- [Aim of the task] Exclude the pictures and repeat all of the data exactly.

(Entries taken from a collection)
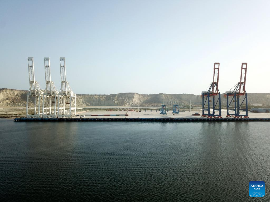 This photo taken on Sept. 18, 2024 shows a view of the Gwadar port in Gwadar, southwest Pakistan. Launched in 2013, China-Pakistan Economic Corridor (CPEC), the flagship project under the China-proposed Belt and Road Initiative (BRI), is a corridor linking Gwadar port with Kashgar in northwest China's Xinjiang Uygur Autonomous Region, highlighting energy, transport, and industrial cooperation. (Xinhua/Ahmad Kamal)
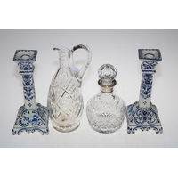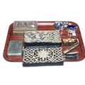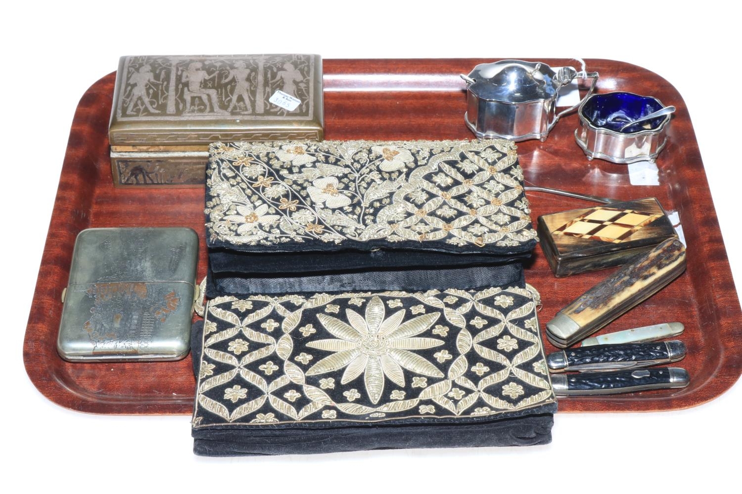 Silver mustard and salt, white metal and Niello cigarette case, Egyptian design cigarette box, pocket knives, snuff box and two evening bags.
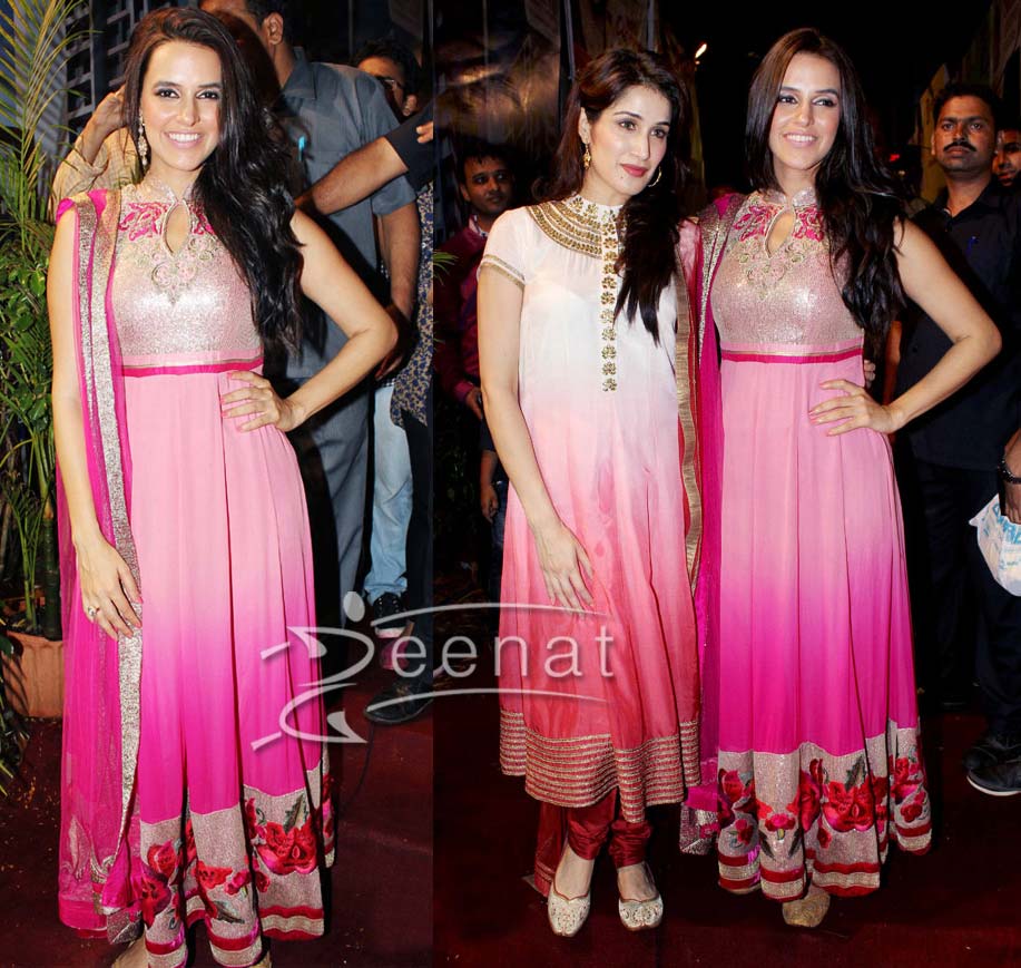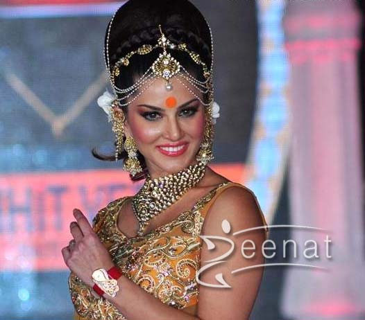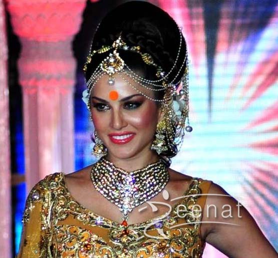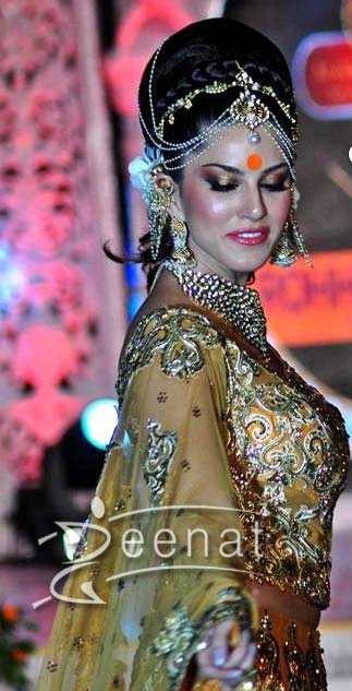Sunny Leone – The hottie was dressed in a mango yellow Lehenga Choli designed by Rohit Verma which was heavily embellished with gold embroidery and semi-precious stones. The choli featured sheer fabric on the straps and lower half with lining along the bust to maintain her modesty. She wore heavy, traditional Indian jewellery to accessorize from jhumkas and necklace to elaborate hair accessories.
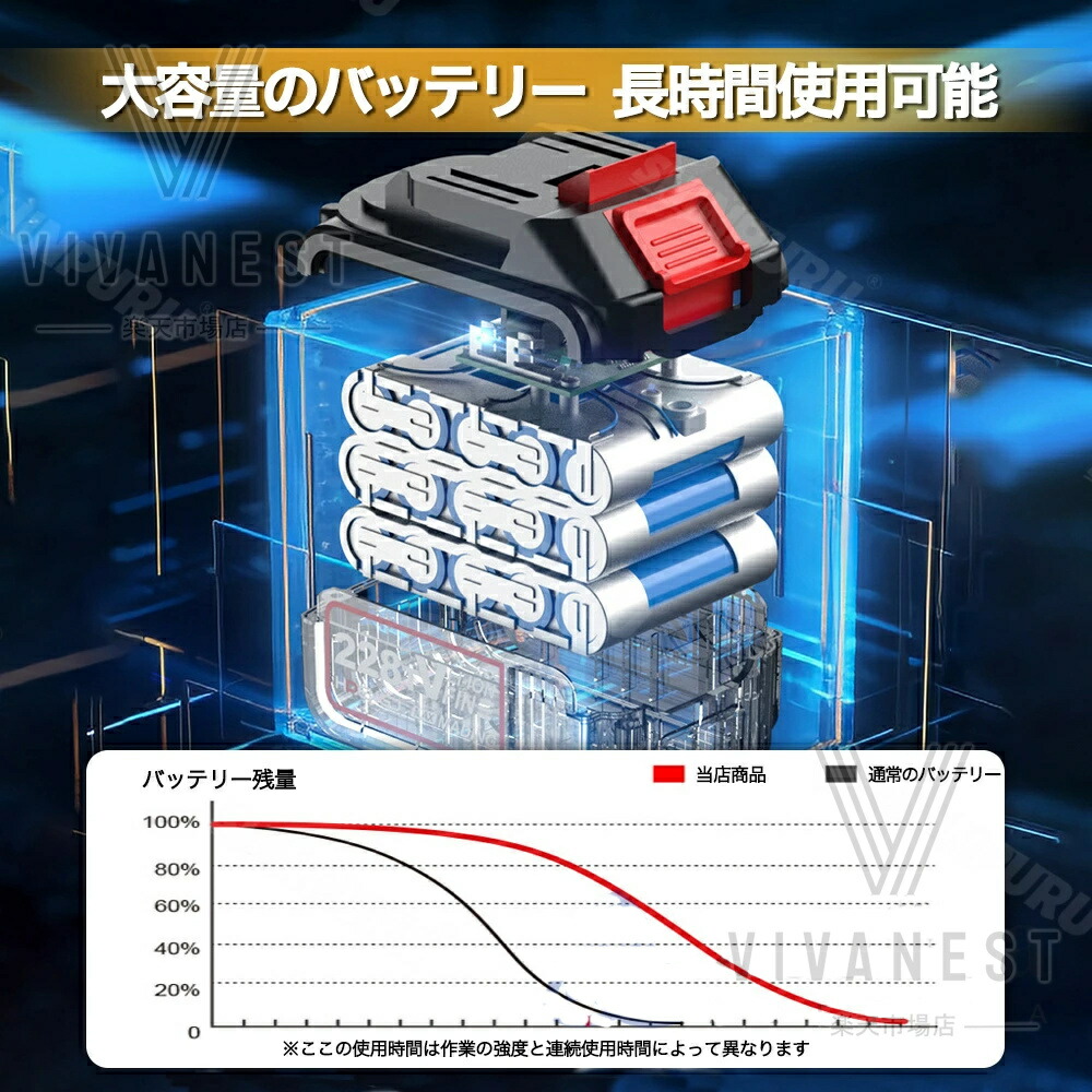 仕様: なし(バッテリーと充電器なし) 1.5ahバッテリー1個-充電器1個 1.5ahバッテリー2個-充電器1個 3.0ahバッテリー1個-充電器1個 3.0ahバッテリー2個-充電器1個 3.0ahバッテリー3個-充電器1個 3.0ahバッテリー4個-充電器1個
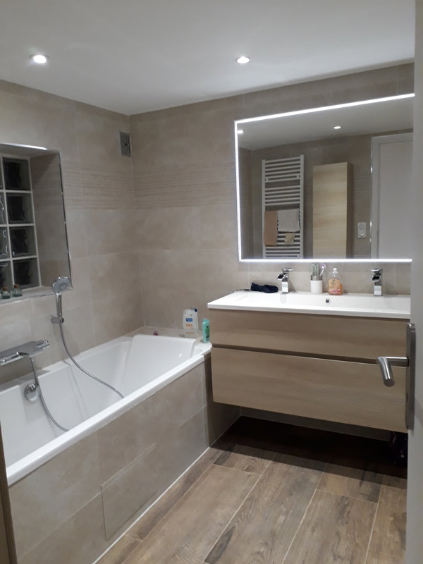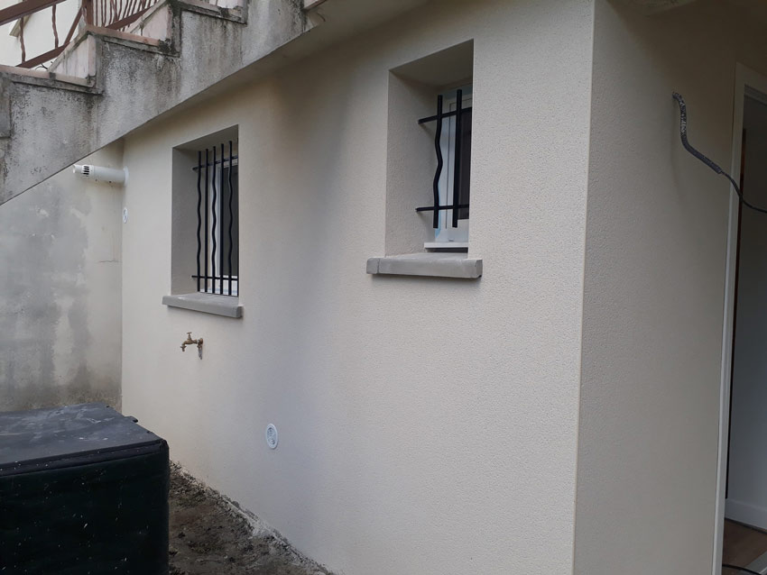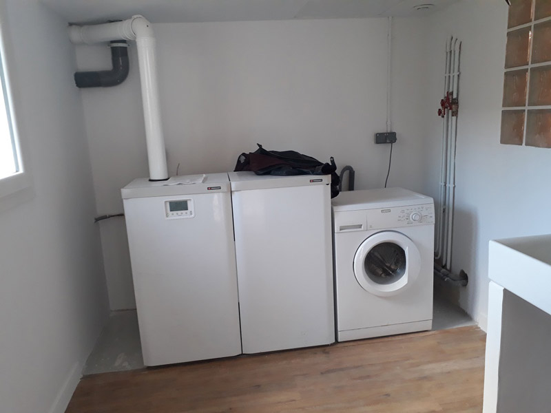Le dessous de la terrasse à été fermé pour créer une buanderie, puis transformer l’ancienne en une confortable salle de bain.
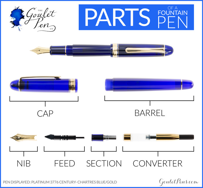 On ne choisit pas un stylo plume à la légère. Il est en général composé de 4 parties.
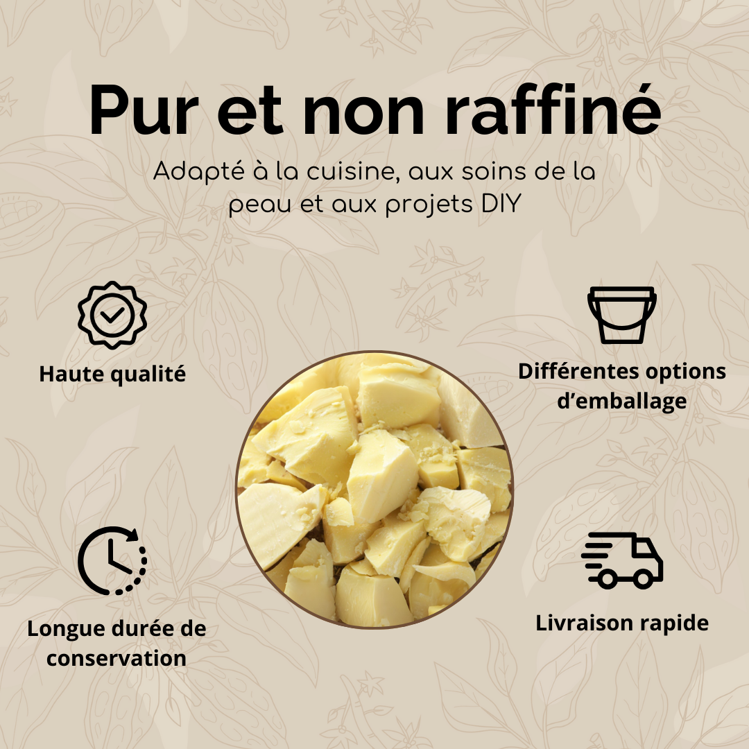 Oui, notre beurre de cacao est non raffiné et pressé à froid. Cela signifie que le beurre est pressé à basse température, ce qui permet de conserver tous les nutriments naturels, les antioxydants et l'arôme caractéristique du cacao. Vous êtes ainsi assuré d'une qualité pure, adaptée à la cuisine, à la pâtisserie et aux applications cosmétiques.
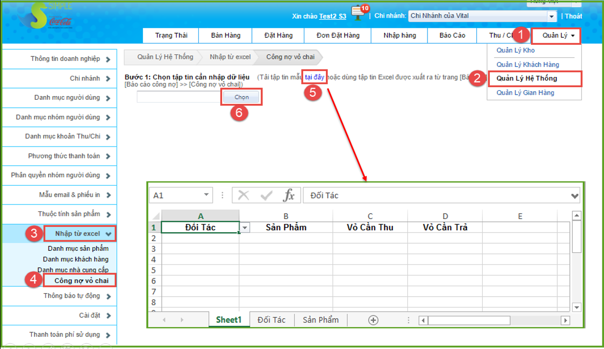 #Không chỉ ghi nhận công nợ vỏ chai bằng thao tác trực tiếp trên phần mềm, S3 còn ghi nhận công nợ vỏ chai bằng file excel.
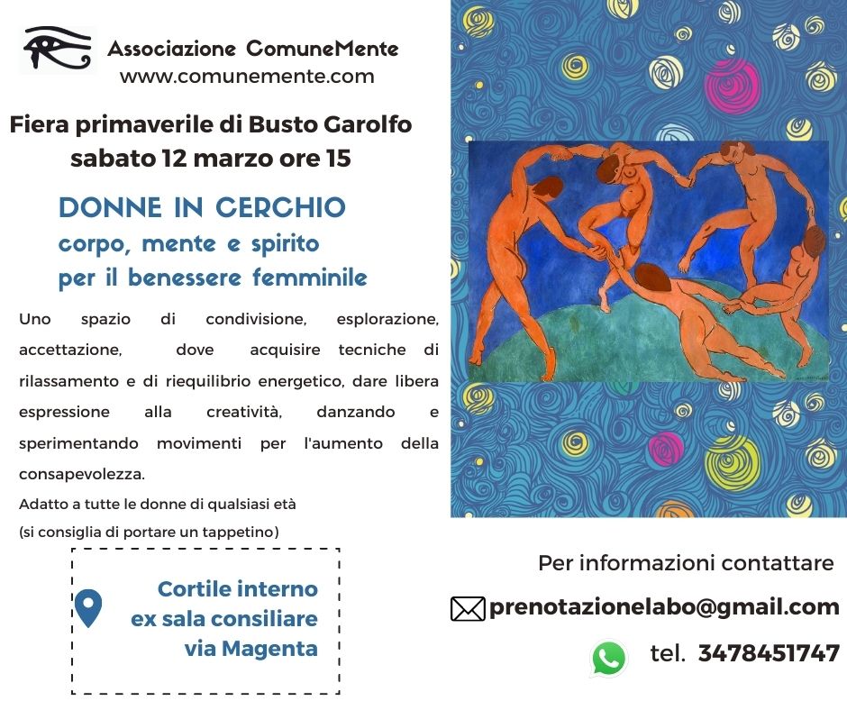 - ore 15:00 Laboratorio esperienziale "Donne in cerchio. Corpo, mente e spirito per il benessere femminile", presso il cortile interno ex sala consiliare, via Magenta n. 25. Info e prenotazioni Associazione ComuneMente: 347.8451747 - prenotazionelabo@gmail.com ;

- [Written solution]
 This photo taken on Sept. 18, 2024 shows a view of the Gwadar port in Gwadar, southwest Pakistan. Launched in 2013, China-Pakistan Economic Corridor (CPEC), the flagship project under the China-proposed Belt and Road Initiative (BRI), is a corridor linking Gwadar port with Kashgar in northwest China's Xinjiang Uygur Autonomous Region, highlighting energy, transport, and industrial cooperation. (Xinhua/Ahmad Kamal)
 Silver mustard and salt, white metal and Niello cigarette case, Egyptian design cigarette box, pocket knives, snuff box and two evening bags.
Sunny Leone – The hottie was dressed in a mango yellow Lehenga Choli designed by Rohit Verma which was heavily embellished with gold embroidery and semi-precious stones. The choli featured sheer fabric on the straps and lower half with lining along the bust to maintain her modesty. She wore heavy, traditional Indian jewellery to accessorize from jhumkas and necklace to elaborate hair accessories.
 仕様: なし(バッテリーと充電器なし) 1.5ahバッテリー1個-充電器1個 1.5ahバッテリー2個-充電器1個 3.0ahバッテリー1個-充電器1個 3.0ahバッテリー2個-充電器1個 3.0ahバッテリー3個-充電器1個 3.0ahバッテリー4個-充電器1個
Le dessous de la terrasse à été fermé pour créer une buanderie, puis transformer l’ancienne en une confortable salle de bain.
 On ne choisit pas un stylo plume à la légère. Il est en général composé de 4 parties.
 Oui, notre beurre de cacao est non raffiné et pressé à froid. Cela signifie que le beurre est pressé à basse température, ce qui permet de conserver tous les nutriments naturels, les antioxydants et l'arôme caractéristique du cacao. Vous êtes ainsi assuré d'une qualité pure, adaptée à la cuisine, à la pâtisserie et aux applications cosmétiques.
 #Không chỉ ghi nhận công nợ vỏ chai bằng thao tác trực tiếp trên phần mềm, S3 còn ghi nhận công nợ vỏ chai bằng file excel.
 - ore 15:00 Laboratorio esperienziale "Donne in cerchio. Corpo, mente e spirito per il benessere femminile", presso il cortile interno ex sala consiliare, via Magenta n. 25. Info e prenotazioni Associazione ComuneMente: 347.8451747 - prenotazionelabo@gmail.com ;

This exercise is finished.